Segment Start: RECORDS PROVIDED

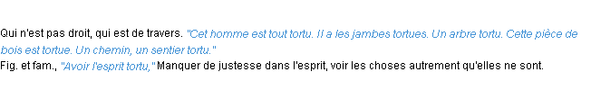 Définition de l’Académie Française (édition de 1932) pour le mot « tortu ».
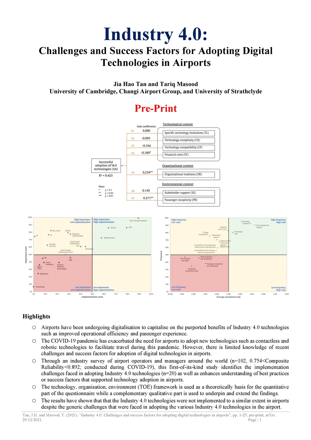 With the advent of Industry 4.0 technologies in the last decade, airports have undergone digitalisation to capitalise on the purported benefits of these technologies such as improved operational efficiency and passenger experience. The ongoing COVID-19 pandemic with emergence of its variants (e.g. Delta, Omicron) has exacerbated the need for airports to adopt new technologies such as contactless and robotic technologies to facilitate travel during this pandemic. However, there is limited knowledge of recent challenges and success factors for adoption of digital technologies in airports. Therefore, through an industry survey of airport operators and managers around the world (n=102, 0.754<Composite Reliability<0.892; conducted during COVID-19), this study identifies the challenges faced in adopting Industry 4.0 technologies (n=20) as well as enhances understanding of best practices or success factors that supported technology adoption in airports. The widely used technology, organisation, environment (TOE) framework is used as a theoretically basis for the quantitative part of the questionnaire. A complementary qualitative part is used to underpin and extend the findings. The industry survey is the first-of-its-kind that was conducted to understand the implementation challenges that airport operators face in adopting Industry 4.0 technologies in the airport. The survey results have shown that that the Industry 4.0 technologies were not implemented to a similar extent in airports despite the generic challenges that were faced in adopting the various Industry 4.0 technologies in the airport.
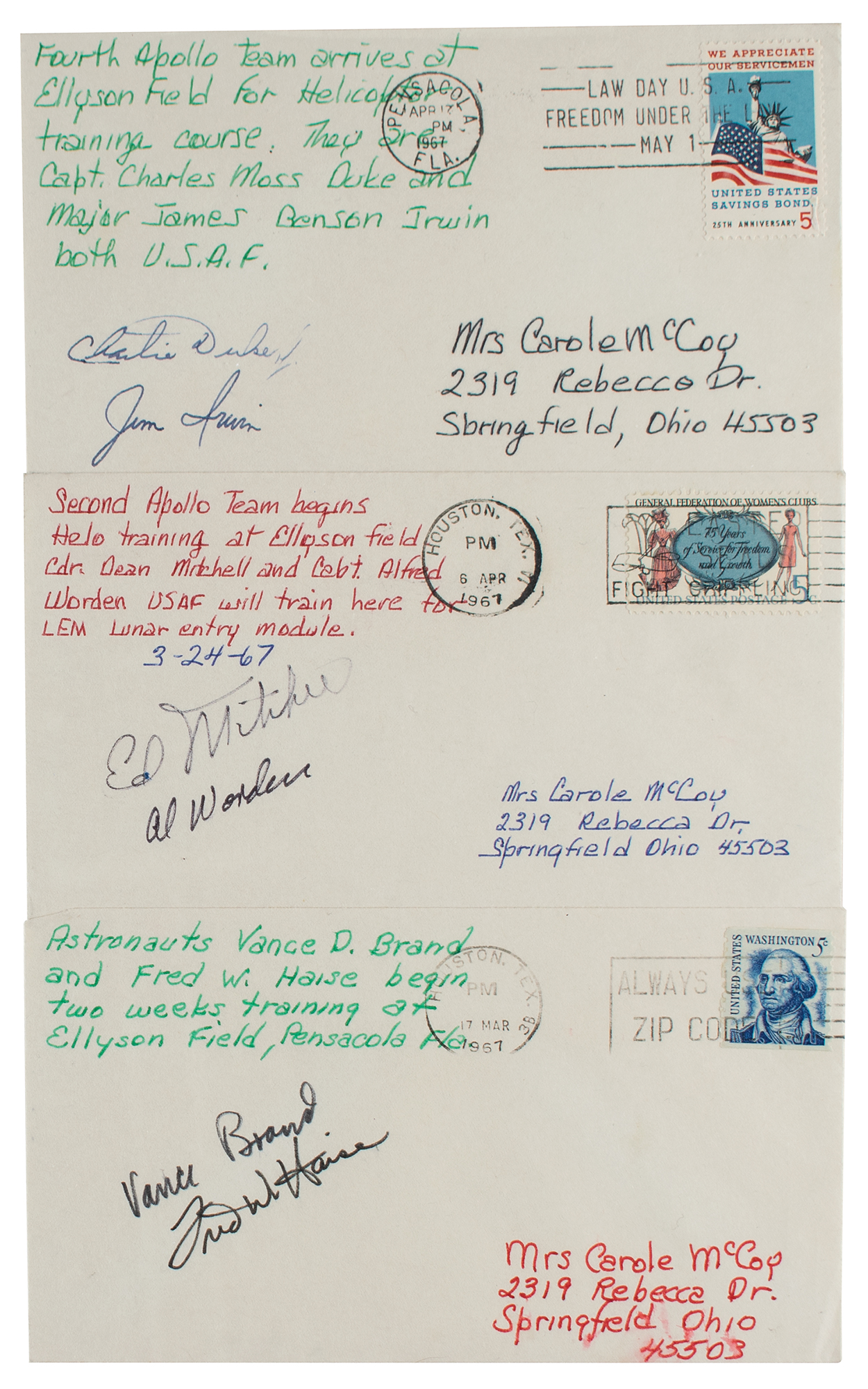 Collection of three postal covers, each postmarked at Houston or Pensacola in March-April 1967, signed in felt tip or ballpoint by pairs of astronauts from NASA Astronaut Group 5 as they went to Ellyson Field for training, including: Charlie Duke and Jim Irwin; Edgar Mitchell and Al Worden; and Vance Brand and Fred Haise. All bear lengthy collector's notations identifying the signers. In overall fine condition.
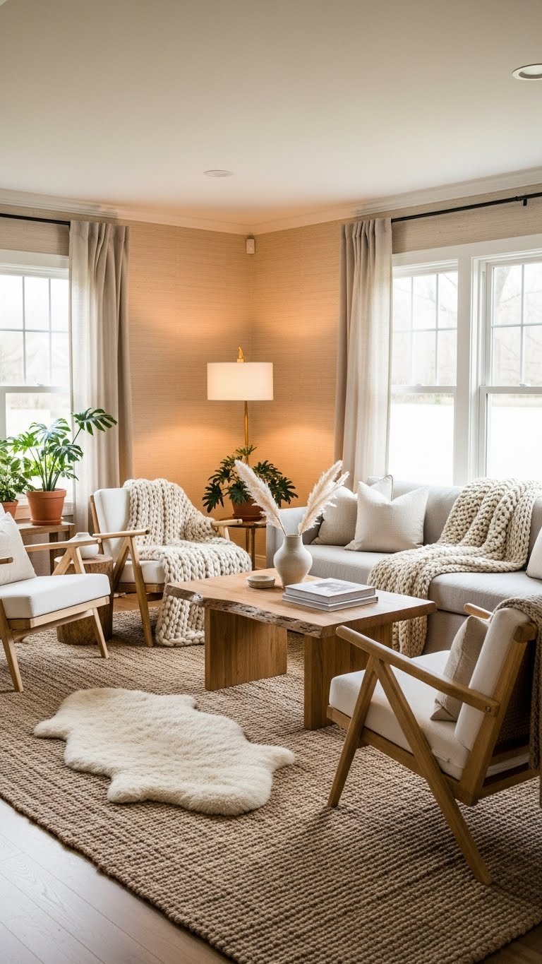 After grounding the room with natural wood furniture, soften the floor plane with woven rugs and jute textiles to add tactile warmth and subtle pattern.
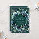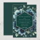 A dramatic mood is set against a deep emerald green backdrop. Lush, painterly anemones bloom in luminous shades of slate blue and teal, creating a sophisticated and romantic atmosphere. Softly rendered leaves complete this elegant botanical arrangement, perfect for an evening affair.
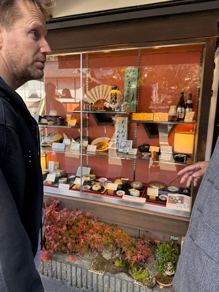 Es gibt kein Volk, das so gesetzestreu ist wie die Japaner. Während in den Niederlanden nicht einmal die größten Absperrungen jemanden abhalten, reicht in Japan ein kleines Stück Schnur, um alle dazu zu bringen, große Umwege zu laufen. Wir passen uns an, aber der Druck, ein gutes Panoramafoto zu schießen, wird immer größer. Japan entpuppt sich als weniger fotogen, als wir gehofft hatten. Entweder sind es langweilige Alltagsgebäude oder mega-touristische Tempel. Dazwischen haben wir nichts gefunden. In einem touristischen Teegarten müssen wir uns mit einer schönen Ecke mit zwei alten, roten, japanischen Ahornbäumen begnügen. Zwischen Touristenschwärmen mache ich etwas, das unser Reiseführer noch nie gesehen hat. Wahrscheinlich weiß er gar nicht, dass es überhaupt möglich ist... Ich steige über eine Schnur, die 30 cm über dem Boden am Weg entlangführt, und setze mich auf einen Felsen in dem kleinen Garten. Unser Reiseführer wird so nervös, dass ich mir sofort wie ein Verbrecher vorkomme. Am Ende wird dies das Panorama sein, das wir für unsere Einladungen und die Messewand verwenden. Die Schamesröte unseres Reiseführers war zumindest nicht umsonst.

Segment End: RECORDS PROVIDED

## PROBLEM REQUIREMENTS
Output all the entries above verbatim, please. No images.

## SOLUTION FOR THIS PROBLEM
 Définition de l’Académie Française (édition de 1932) pour le mot « tortu ».
 With the advent of Industry 4.0 technologies in the last decade, airports have undergone digitalisation to capitalise on the purported benefits of these technologies such as improved operational efficiency and passenger experience. The ongoing COVID-19 pandemic with emergence of its variants (e.g. Delta, Omicron) has exacerbated the need for airports to adopt new technologies such as contactless and robotic technologies to facilitate travel during this pandemic. However, there is limited knowledge of recent challenges and success factors for adoption of digital technologies in airports. Therefore, through an industry survey of airport operators and managers around the world (n=102, 0.754<Composite Reliability<0.892; conducted during COVID-19), this study identifies the challenges faced in adopting Industry 4.0 technologies (n=20) as well as enhances understanding of best practices or success factors that supported technology adoption in airports. The widely used technology, organisation, environment (TOE) framework is used as a theoretically basis for the quantitative part of the questionnaire. A complementary qualitative part is used to underpin and extend the findings. The industry survey is the first-of-its-kind that was conducted to understand the implementation challenges that airport operators face in adopting Industry 4.0 technologies in the airport. The survey results have shown that that the Industry 4.0 technologies were not implemented to a similar extent in airports despite the generic challenges that were faced in adopting the various Industry 4.0 technologies in the airport.
 Collection of three postal covers, each postmarked at Houston or Pensacola in March-April 1967, signed in felt tip or ballpoint by pairs of astronauts from NASA Astronaut Group 5 as they went to Ellyson Field for training, including: Charlie Duke and Jim Irwin; Edgar Mitchell and Al Worden; and Vance Brand and Fred Haise. All bear lengthy collector's notations identifying the signers. In overall fine condition.
 After grounding the room with natural wood furniture, soften the floor plane with woven rugs and jute textiles to add tactile warmth and subtle pattern.
 A dramatic mood is set against a deep emerald green backdrop. Lush, painterly anemones bloom in luminous shades of slate blue and teal, creating a sophisticated and romantic atmosphere. Softly rendered leaves complete this elegant botanical arrangement, perfect for an evening affair.
 Es gibt kein Volk, das so gesetzestreu ist wie die Japaner. Während in den Niederlanden nicht einmal die größten Absperrungen jemanden abhalten, reicht in Japan ein kleines Stück Schnur, um alle dazu zu bringen, große Umwege zu laufen. Wir passen uns an, aber der Druck, ein gutes Panoramafoto zu schießen, wird immer größer. Japan entpuppt sich als weniger fotogen, als wir gehofft hatten. Entweder sind es langweilige Alltagsgebäude oder mega-touristische Tempel. Dazwischen haben wir nichts gefunden. In einem touristischen Teegarten müssen wir uns mit einer schönen Ecke mit zwei alten, roten, japanischen Ahornbäumen begnügen. Zwischen Touristenschwärmen mache ich etwas, das unser Reiseführer noch nie gesehen hat. Wahrscheinlich weiß er gar nicht, dass es überhaupt möglich ist... Ich steige über eine Schnur, die 30 cm über dem Boden am Weg entlangführt, und setze mich auf einen Felsen in dem kleinen Garten. Unser Reiseführer wird so nervös, dass ich mir sofort wie ein Verbrecher vorkomme. Am Ende wird dies das Panorama sein, das wir für unsere Einladungen und die Messewand verwenden. Die Schamesröte unseres Reiseführers war zumindest nicht umsonst.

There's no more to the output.